On dîne sans doute de bonne heure à Bâle, car mon dîner, lorsque je le demandai, prit le titre de souper. Le salon, mi-café, mi-restaurant, où l’on me servit, était fort beau. Les domestiques, en habit noir et cravate blanche, avaient une mise irréprochable. Il en était autrement du menu : la misère des mets contrastait tristement avec le luxe du salon. Ce menu consistait en une sorte de boudin, un civet de quelque bête incomprise et certainement féroce si j’en juge à sa dureté, et le reste à l’avenant.

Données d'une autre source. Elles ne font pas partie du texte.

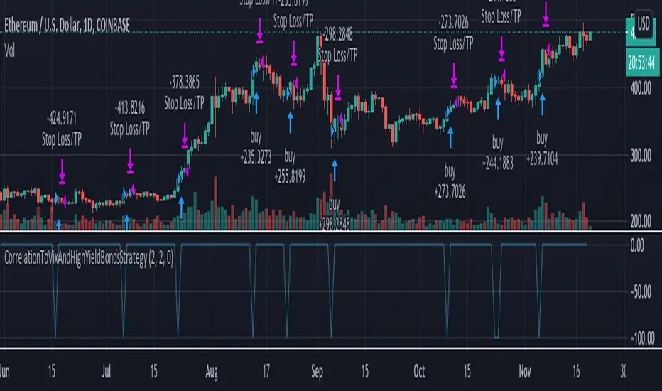 This strategy measures and creates a signal when an asset is moving out of a correlation with high yield bonds or the CBOE VIX into an inverse correlation, as well as when an asset is losing correlation with a top corporate bonds ETF. When this signal is triggered, the simulation has the portfolio asset go long.

Le salon était d’ailleurs dans tout son éclat ; les convives y étaient en toilette. Des Anglaises y formaient la majorité. Un petit groupe était assis près d’une fenêtre donnant sur le Rhin et devant une table couverte de potiquets, accompagnement ordinaire du thé, et sans lesquels les Anglaises ne pourraient ni le faire ni le boire. À une table voisine est un homme à lunettes, très-laid ; ses traits communs et même grossiers contrastent fort avec sa mise soignée et la beauté d’une femme qui semble être la sienne, et d’une jeune fille ressemblant à sa mère.

Dans ce moment, une entrée presque théâtrale attire tous les regards : ce sont deux jeunes femmes à crinoline monstre, recouverte d’une robe de soie gris-perle, ornée de manches les plus longues et les plus larges que j’aie jamais vues. Ces beautés phénoménales auraient fait fureur à Paris. Ce ne pouvait être ni des Suisses ni des Allemandes, et à peine eurent-elles fait deux pas, qu’à leur marche je reconnus des Anglaises, ce que confirma l’arrivée de leur mère qui les suivait en se balançant comme un navire sur la houle.

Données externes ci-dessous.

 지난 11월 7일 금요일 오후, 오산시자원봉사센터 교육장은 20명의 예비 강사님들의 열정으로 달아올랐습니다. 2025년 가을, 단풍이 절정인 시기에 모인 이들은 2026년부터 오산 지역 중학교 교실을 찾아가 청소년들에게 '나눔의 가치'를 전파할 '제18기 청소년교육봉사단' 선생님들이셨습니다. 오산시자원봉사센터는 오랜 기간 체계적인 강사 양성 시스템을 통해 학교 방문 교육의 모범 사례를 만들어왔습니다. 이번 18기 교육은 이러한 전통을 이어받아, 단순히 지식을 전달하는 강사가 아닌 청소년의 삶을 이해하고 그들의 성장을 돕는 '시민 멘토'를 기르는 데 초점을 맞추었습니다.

Le salon se remplit peu à peu, presqu’entièrement de dames : un homme pour quatre, terme moyen. Seul je n’y prenais pas de thé pour lequel j’ai toujours conservé une espèce de rancune. Dans mon enfance, on n’en usait guère en France que comme remède et par ordonnance du médecin. À la suite d’une indisposition, on m’en présentait des tasses que ma bonne nommait tisane. Est-ce à cause du nom que je refusais d’y goûter, ou si j’y goûtais, qu’à la première gorgée je repoussais le vase qu’on me forçait de reprendre ? Je ne sais ; mais j’en voulais beaucoup à la bonne qui m’entonnait le breuvage et me faisait gronder quand je ne l’avalais pas. Depuis, ma mauvaise humeur contre le thé ne s’est pas dissipée. Est-ce à raison, est-ce à tort ? — Le thé a-t-il été un bien ou un mal pour l’humanité ? Contribue-t-il à la richesse de l’Europe, ou est-il un impôt de quelques centaines de millions qu’elle paie sans profit aux Chinois ? — C’est aux économistes à en décider.

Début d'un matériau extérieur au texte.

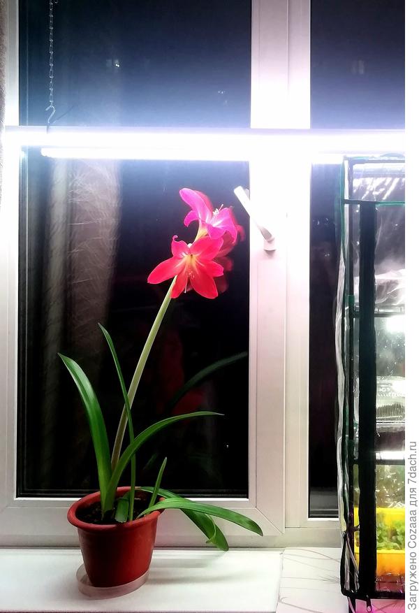 Цветок любит опрыскивания, и я периодически протираю его листья с двух сторон мягкой влажной тряпочкой для удаления пыли.В период покоя цветок нужно поливать редко, но так, чтобы земля сильно не пересыхала, я поливаю примерно один раз в две недели. Убирать в тёмное место нельзя, луковица хоть и немного, но функционирует, а для этого ей нужен свет.

Quand j’en eus assez des belles dames et du bruit des cuillères dans les tasses, je fus, à la lumière des étoiles et des réverbères, revoir la promenade du pont dont la position m’attirait. Même dans cette demi-obscurité, la vue y était belle. Le temps, calme et doux, y avait attiré d’autres promeneurs et pas mal de promeneuses, mais l’obscurité croissante ne me permit pas de juger du plus ou moins d’éclat de ces papillons de nuit.